The project is more than another industrial retrofit. It is a test of whether Europe can convert its climate-neutrality ambition into a functioning carbon-management chain, linking urban energy systems, carbon capture technology, marine transport, geological storage and a market for certified removals. The Global CCS Institute has framed Europe as an increasingly active carbon capture and storage region, with policy, public funding and storage infrastructure beginning to converge around large-scale deployment.

The Carbon-Capture Logic Behind the Project

Carbon capture and storage, or CCS, is the broad industrial process of capturing carbon dioxide, transporting it by pipeline, ship, truck or rail, and storing it deep underground so that it does not enter the atmosphere. The Carbon Capture and Storage Association says carbon dioxide can be stored in geological formations typically 1–3 kilometres below the seabed or surface, with sites selected and monitored to ensure secure long-term storage.

That framework matters because Beccs Stockholm is not a conventional emissions-abatement project. It is a BECCS project, which stands for bioenergy with carbon capture and storage. In ordinary CCS, the technology can prevent carbon dioxide from entering the atmosphere. In BECCS, the carbon dioxide being captured is biogenic CO₂, released when biomass is used as fuel. Because the biomass had previously absorbed carbon dioxide from the atmosphere while growing, capturing and permanently storing the CO₂ after energy production can create negative emissions, meaning carbon is removed from the atmospheric cycle rather than merely prevented from rising further.

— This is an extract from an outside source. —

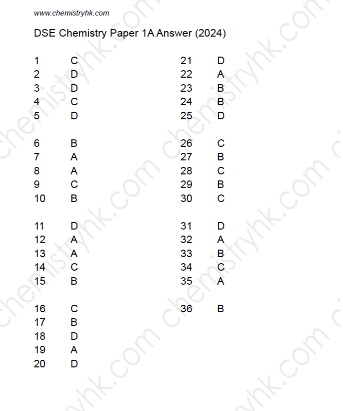 2024 DSE Chemistry Past Paper 1A MC Answer
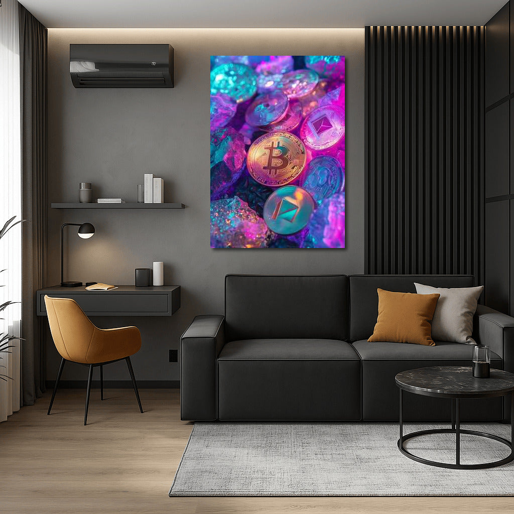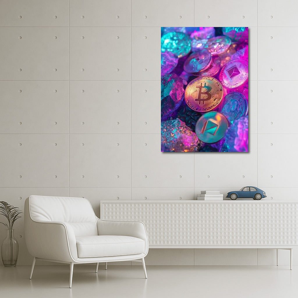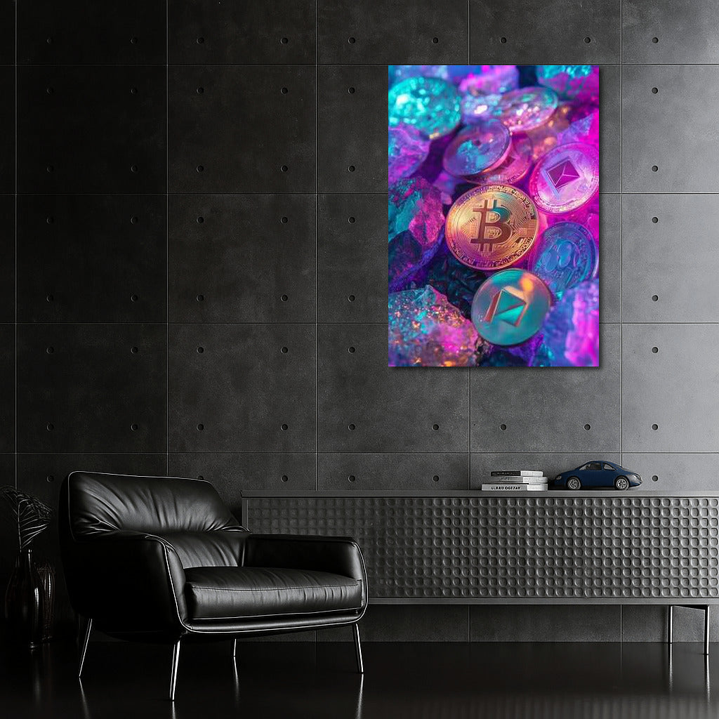 A vibrant cryptocurrency poster transforms walls into digital space, immersing you in the world of Bitcoin and Ethereum. Wall art of the future. See more from the collection: Cryptocurrency Art

Stockholm Exergi describes BECCS as a technique for permanently removing biogenic CO₂ from the atmosphere. The company plans to combine CO₂ capture with heat recovery at Europe’s largest biomass-based combined heat and power plant in Stockholm, capturing and permanently storing large volumes of biogenic carbon dioxide while continuing to supply the city’s energy system.

This is why the project has assumed strategic weight. Beccs Stockholm is designed to capture up to 800,000 tonnes of biogenic CO₂ a year, a volume Stockholm Exergi says is more than the total annual emissions from road traffic in Stockholm. Over its first ten years of operation, the company says the facility is expected to remove 7.83 million tonnes of CO₂ equivalent from the atmosphere.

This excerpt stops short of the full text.